Although the records contain pictures, none belong in the copy: restate word for word only the lines from the one with "根据攻击文件的内容,我将此次" through the one with "- Disengage the", both included.

*** DATA EXTRACTS ***

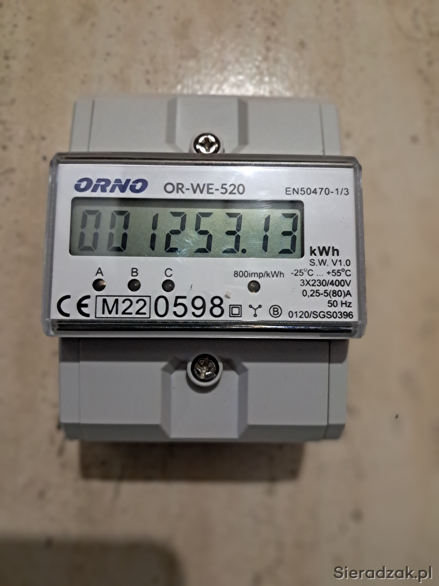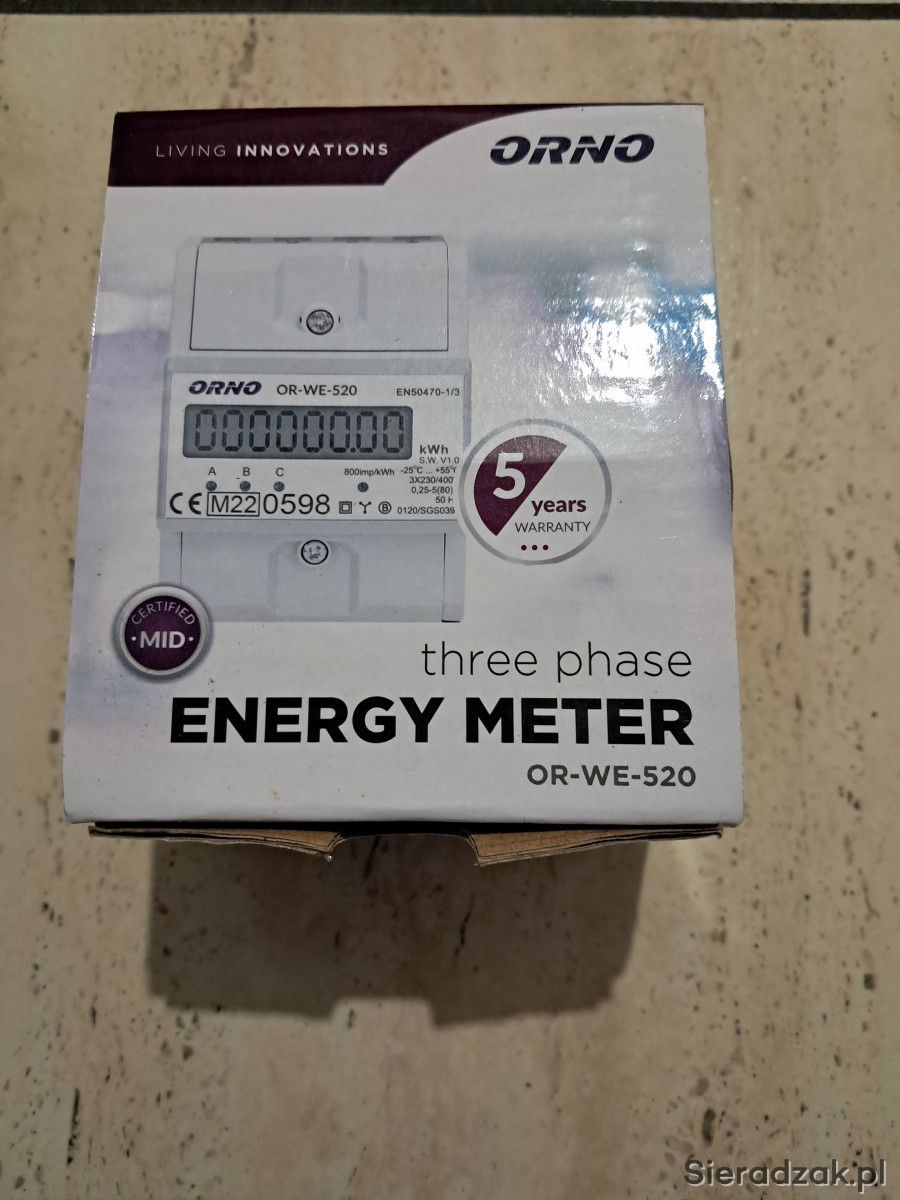 Sprzedam mało używany, praktycznie nowy 3-Fazwowy Licznik energii elektrycznej, 80A, MID, 3 moduły, DIN TH-35mm OR-WE-520 ORNO .
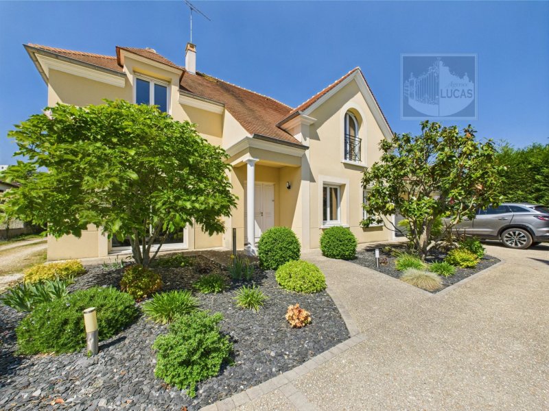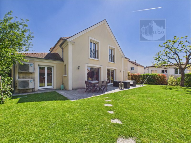 Dans un secteur calme à 15 min du RER, belle maison moderne, lumineuse et en excellent état proposant des prestations haut de gamme, édifiée sur 665 m² de terrain. Composée d'un rez-de-jardin : entrée, salon de 50 m² donnant de plain pied sur le jardin, cuisine ouverte sur le salon, chambre avec dressing et salle d'eau, toilettes. A l'étage : grande mezzanine distribuant 4 chambres, salle de bains avec douche et baignoire, toilettes. Garage et stationnements extérieurs.
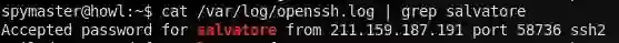 根据攻击文件的内容,我将此次攻击命名为了“Dota Campaign”。在此攻击活动中,攻击者通过弱SSH凭证获取到了目标设备的初始访问权。我的SSH蜜罐所使用的用户名和密码均为salvatore,下面给出的是我SSH日志的初始登录数据:
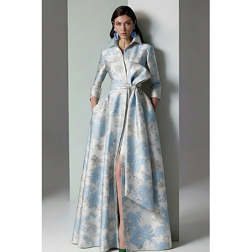Linea ad A Lunghezza al pavimento Abito da Sera Elegante Scintillante Setoso Manica Lunga Colletto a Camicia Festa in giardino Matrimonio Tasca Jacquard con Stampa floreale Fiocco/Fiocchi Spacco
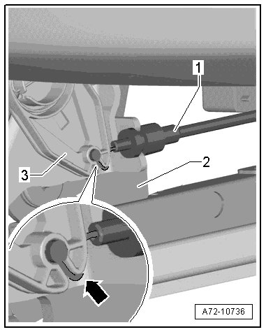 - Disengage the end of the release cable - arrow - at release cable retainer lever - 3 - of the seat forward/back adjuster.
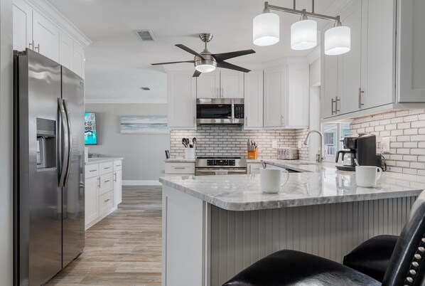 Cook up your favorites in the well-appointed kitchen, complete with stainless steel appliances, granite countertops, and plenty of prep space. Whether you're whipping up breakfast or mixing poolside cocktails, you'll find everything you need right here.
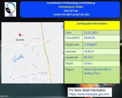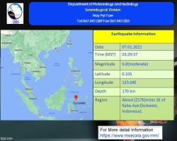 Local Weather Local Wealther Cyclonic Storm “DANA” News, No 8, 2024 Weather 24/10/24 Deep Depression News, No 4, 2024 Weather 23/10/24 Well Marked Low-Pressure Area Condition Weather 22/10/24 Moderate earthquake hits Kalay District Weather 02/05/22 Slight earthquake strikes Kyaukphyu Twsp Weather 29/01/21 Slight earthquake jolts Khamti Twsp Weather 28/01/21 Slight earthquake shakes Thabeikkyin Twsp Weather 27/01/21 Slight earthquake jolts Nay Pyi Taw Weather 22/01/21 Slight earthquake hits Sinbo Twsp Weather 18/01/21 Strong earthquake jolts outside Myanmar Weather 07/01/21 Pagination First page « First Previous page ‹ Previous Page 1 Current page 2 Page 3 Page 4 Page 5 … Next page Next › Last page Last » Most read news Observers from Russia, China, India, Vietnam arrive in Yangon ahead of 2025 General Election Local 27/Dec/2025 UEC Chairman receives Belarus CEC Deputy Chairman Local 27/Dec/2025 Bagan’s Mahabodhi Pagoda renovation by ASI India around 80% complete Culture & Travel 27/Dec/2025 Retired US Army Colonel: Myanmar’s Elections Give Washington A Chance To Reset Decades-Stalled Ties Political 26/Dec/2025 Cambodia earns 9.71 bln USD from exports to ASEAN, EU in first 11 months of 2025 International 24/Dec/2025
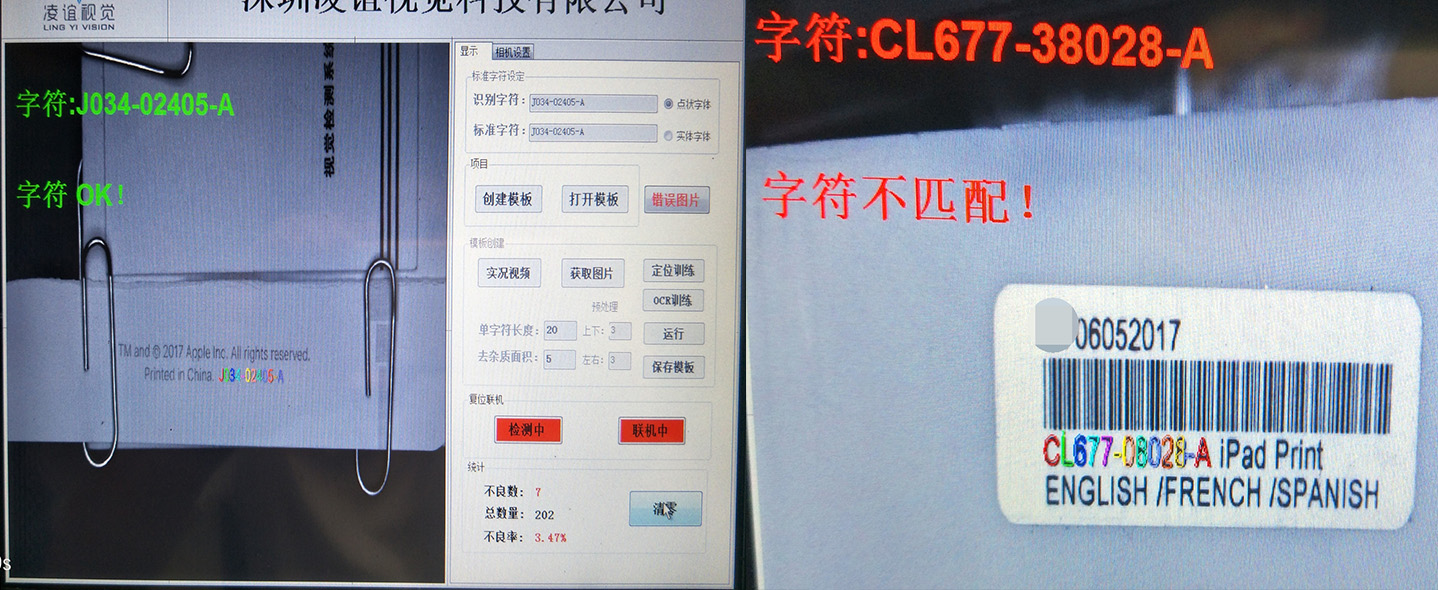本字符識別系統(tǒng)常用于配合產(chǎn)品外包裝或產(chǎn)品說明書單頁上的字符識別防混,通過對料號字符的識別實現(xiàn)防止錯料混料的發(fā)生。系統(tǒng)可適用于手工線或自動線,具有識別速度快、準確率高的優(yōu)點,有助于提高客戶良品率及生產(chǎn)效率。杜絕不良品流出導(dǎo)致的產(chǎn)品召回。
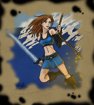 Celes Chere from Final Fantasy VI (copyright Squaresoft). I wish she wore this outfit from her concept art in the actual game. Celes is an awesome character. Strong, graceful and with a streak of innocence despite her military upbringing and very practical personality.Runic is an ability which is mostly pretty useless, but it's a cool concept. She absorbs magic with her sword. She holds it up and it goes 'ting!' hehe! ^_^

*** End of DATA EXTRACTS ***

=== ANSWER TO THE EXERCISE ===
 根据攻击文件的内容,我将此次攻击命名为了“Dota Campaign”。在此攻击活动中,攻击者通过弱SSH凭证获取到了目标设备的初始访问权。我的SSH蜜罐所使用的用户名和密码均为salvatore,下面给出的是我SSH日志的初始登录数据:
Linea ad A Lunghezza al pavimento Abito da Sera Elegante Scintillante Setoso Manica Lunga Colletto a Camicia Festa in giardino Matrimonio Tasca Jacquard con Stampa floreale Fiocco/Fiocchi Spacco
 - Disengage the end of the release cable - arrow - at release cable retainer lever - 3 - of the seat forward/back adjuster.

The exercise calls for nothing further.